* **WORK INSTRUCTIONS**: Pictures stay out of the output. Return exactly the lines below from the one with "Hatte heute langweilig" down to the one with "Milky is a tuxedo", both included, and nothing more.

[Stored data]
================================
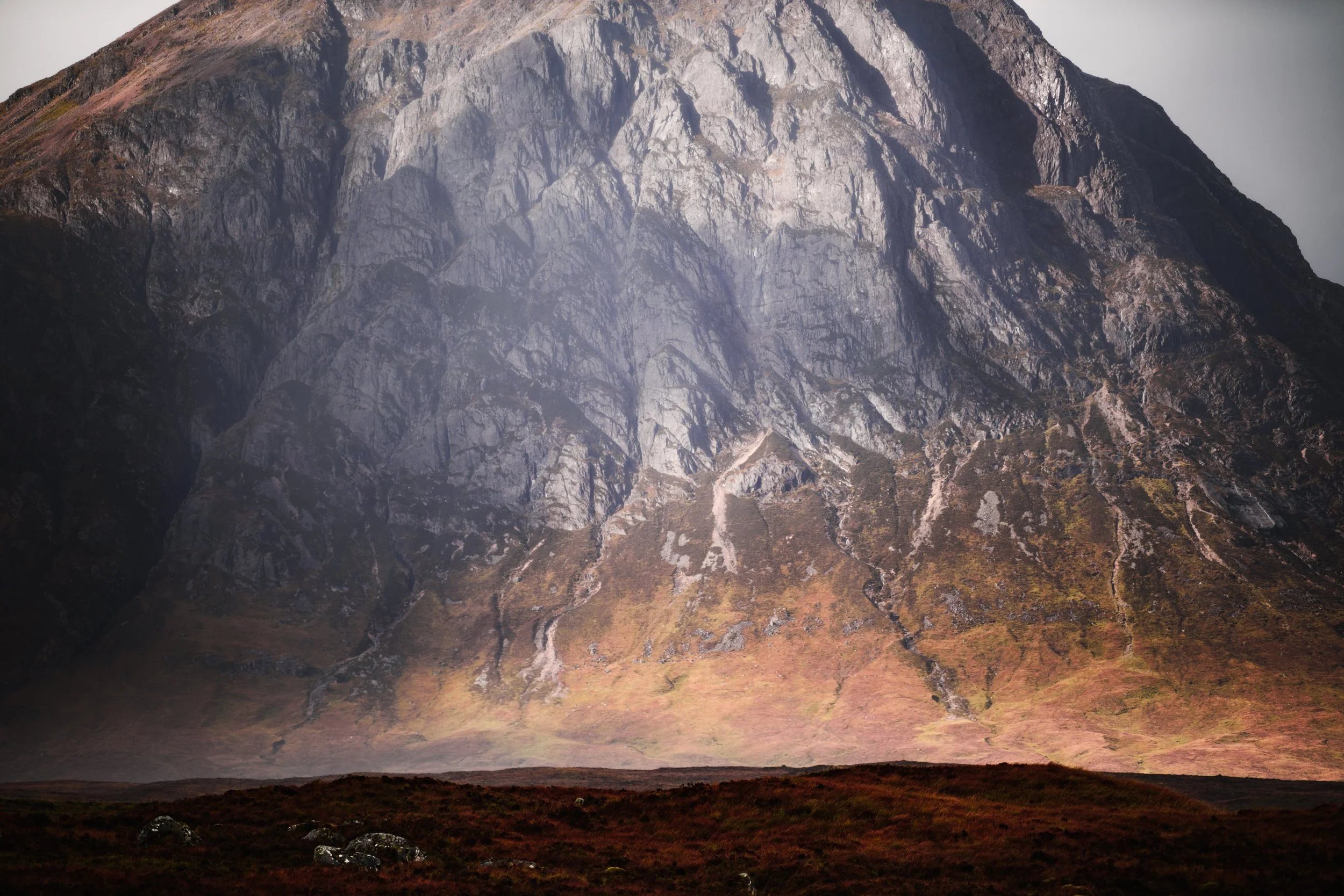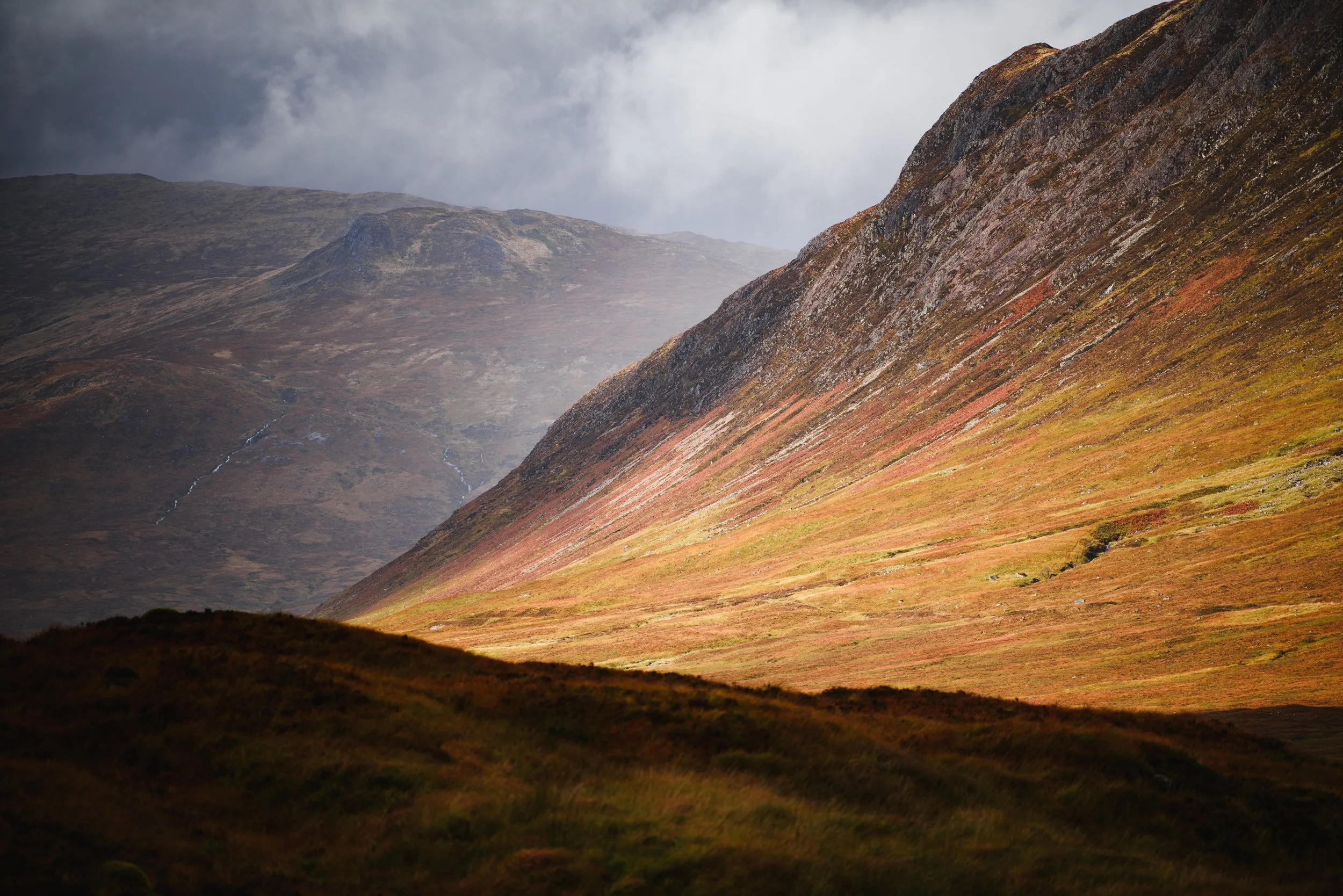 The above shot is about detail. Here I have lopped off the top of the mountain to get in nice and close to the intricate detail of the mountain which was created about 400 million years ago by fire, and then shaped by ice. Autumn is a great time of year to capture subjects at distance with long lenses in great light. My go to lens with this type of work is always a 70-200/2.8 due to sheer flexibility. A 70-200/2.8 is not my most used lens. Especially on long hikes, it will often get left behind (although saying that, I have lugged a 70-200 up and down plenty of mountains - called munros, in Scotland). At one point I even sold my 70-200, to eventually buy it back. Although I am admittedly very wide angle focused, there are too many pictures I would be missing if I did not have a long telephoto lens in the bag. This is not just true of autumnal photography; it applies to the other genres which I shoot in, and of course for other times of year. I’ll often use it wide open to create a bit of a vignette, and add to it later on in some cases.
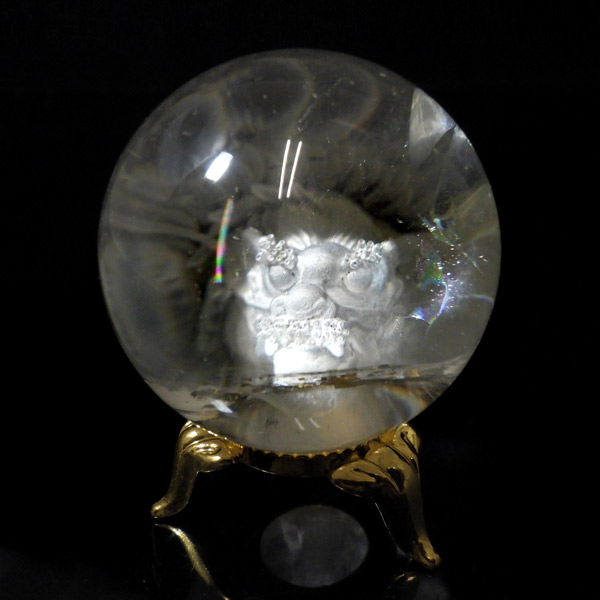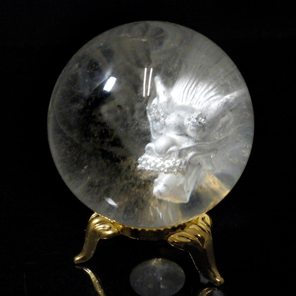水晶 丸玉 龍裏彫り 直径44mm 水晶球 スフィア 金属台付き
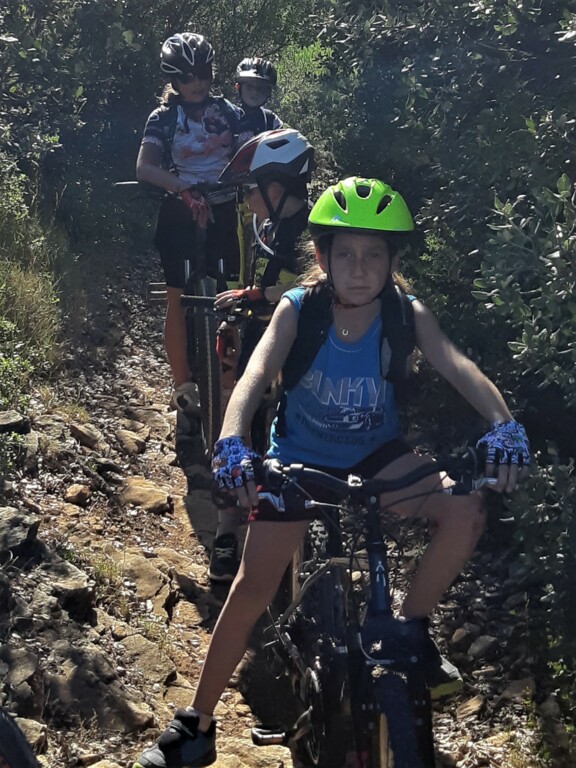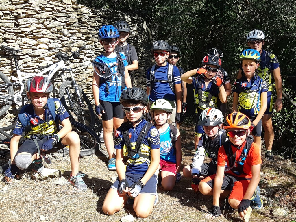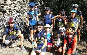 La montée continue jusqu'au single des Bories. Là, impossible de résister, c'est décidé nous prenons la descente. La descente est interminable et les bras en tremblent encore ! mais quel plaisir ! Un petite visite de la Borie, une photo de groupe et ça repart !
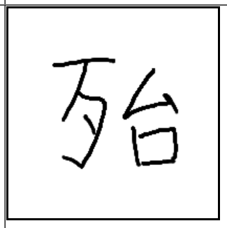 | 殆 | 殆 | 歹 | 始 | . | . | . | 뼈가 드러날 정도로 다친 사람이 여자가 아기를 팔에 안고 먹이는 이유식 같은 미음을 비로소 먹고 있지만 생명이 위태로운 모습. |
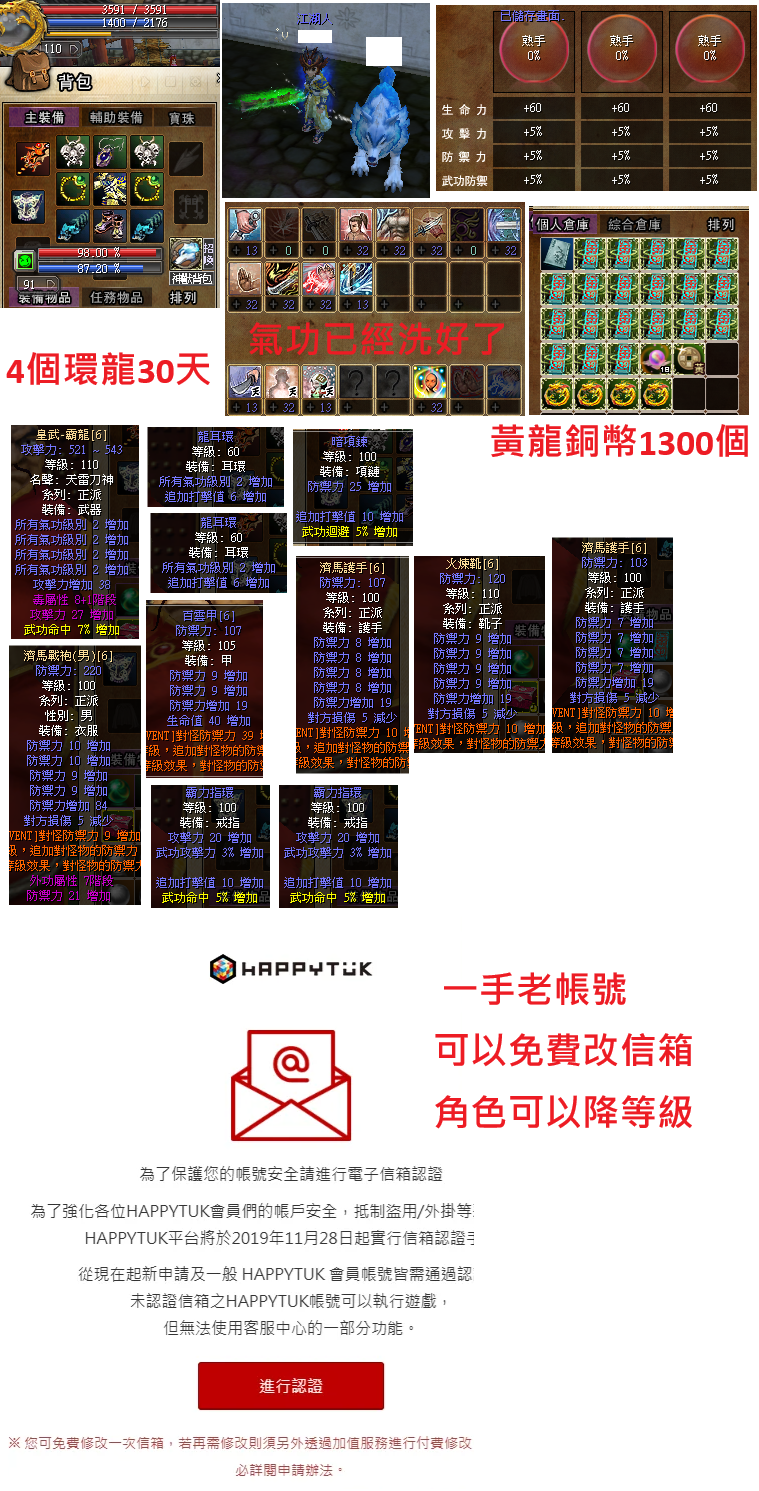 (昇天1正刀)110等(有送裝備雪狼環龍紫霞)(可免費改信箱降等)
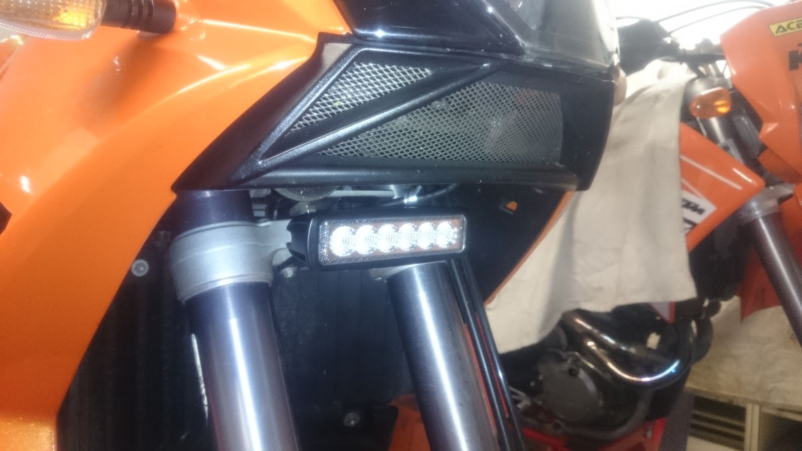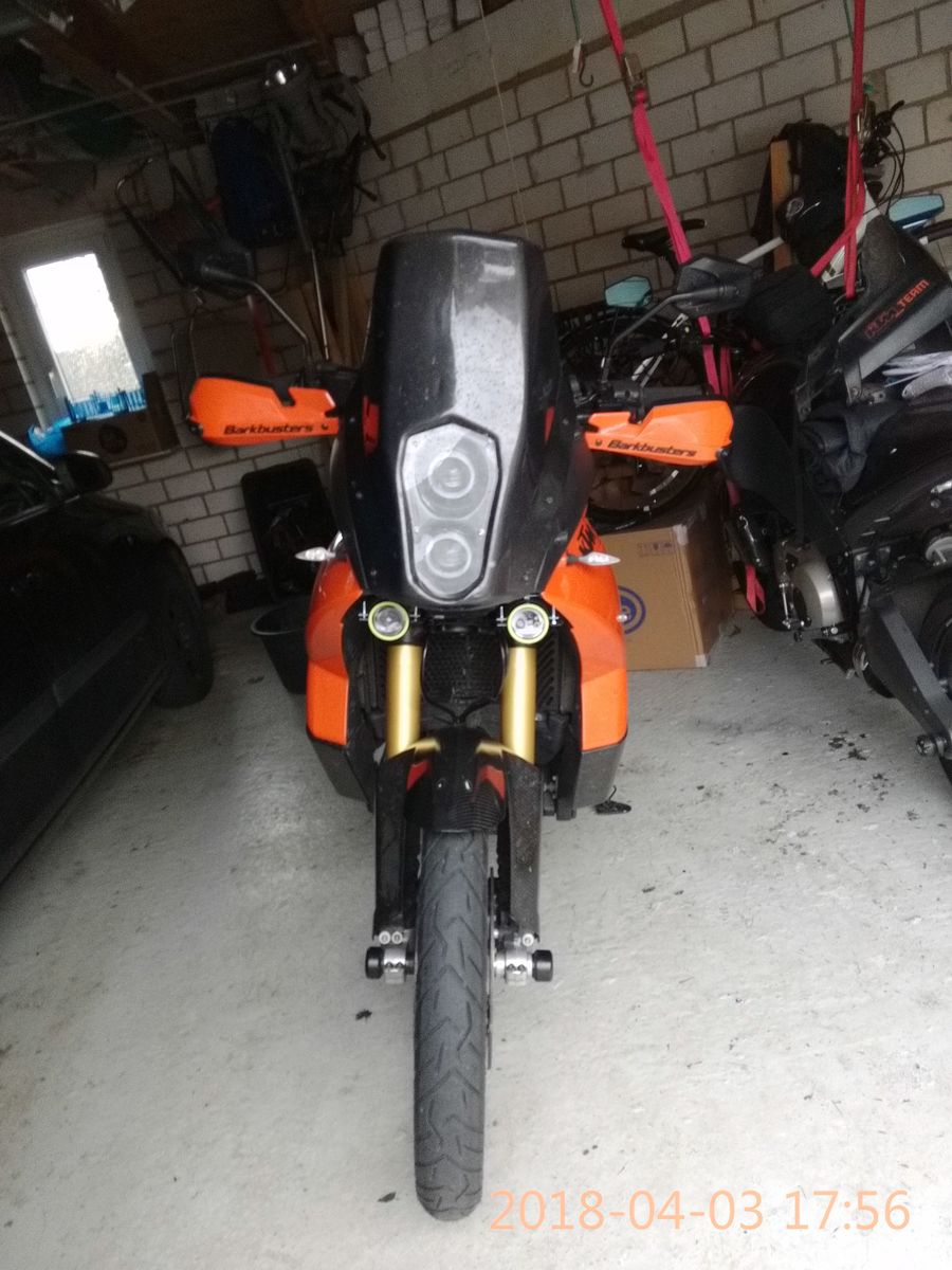 Hatte heute langweilig und habe ein LED Teil ähnlich dem von Atze wo mal übrig geblieben ist (neu und ungebraucht, 18W, 1400 Lumen - Wer's glaubt wir selig Mr. Green ) an die 950er angebaut und zwar so das es mitlenkt quasi als Kurvenlicht und damit ich bei Tag besser gesehen werde.
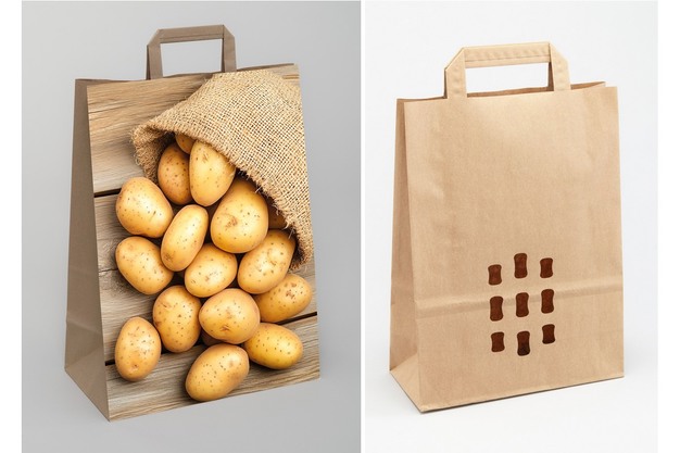 Links: Bedrukte aardappeldraagtas. Rechts: Aardappeldraagtas met perforaties
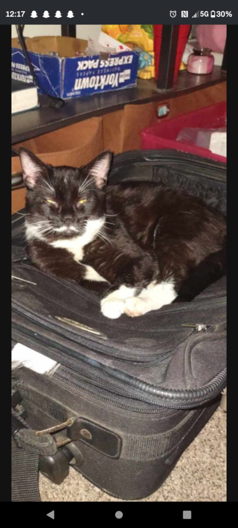 Milky is a tuxedo cat, he is black and white and has a white strip across his upper lip to where it looks like he has a milk mustache….he’s such a a sweet boy.
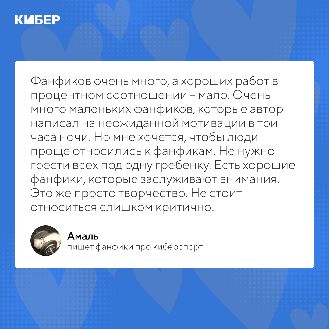 «Фанфиков очень много, а хороших работ в процентном соотношении – мало. Очень много маленьких фанфиков, которые автор написал на неожиданной мотивации в три часа ночи. Но мне хочется, чтобы люди проще относились к фанфикам. Не нужно грести всех под одну гребенку. Есть хорошие фанфики, которые заслуживают внимания. Это же просто творчество. Не стоит относиться слишком критично», – рассказывает Амаль.
================================
* **RESULT OF THIS EXERCISE**:
 Hatte heute langweilig und habe ein LED Teil ähnlich dem von Atze wo mal übrig geblieben ist (neu und ungebraucht, 18W, 1400 Lumen - Wer's glaubt wir selig Mr. Green ) an die 950er angebaut und zwar so das es mitlenkt quasi als Kurvenlicht und damit ich bei Tag besser gesehen werde.
 Links: Bedrukte aardappeldraagtas. Rechts: Aardappeldraagtas met perforaties
 Milky is a tuxedo cat, he is black and white and has a white strip across his upper lip to where it looks like he has a milk mustache….he’s such a a sweet boy.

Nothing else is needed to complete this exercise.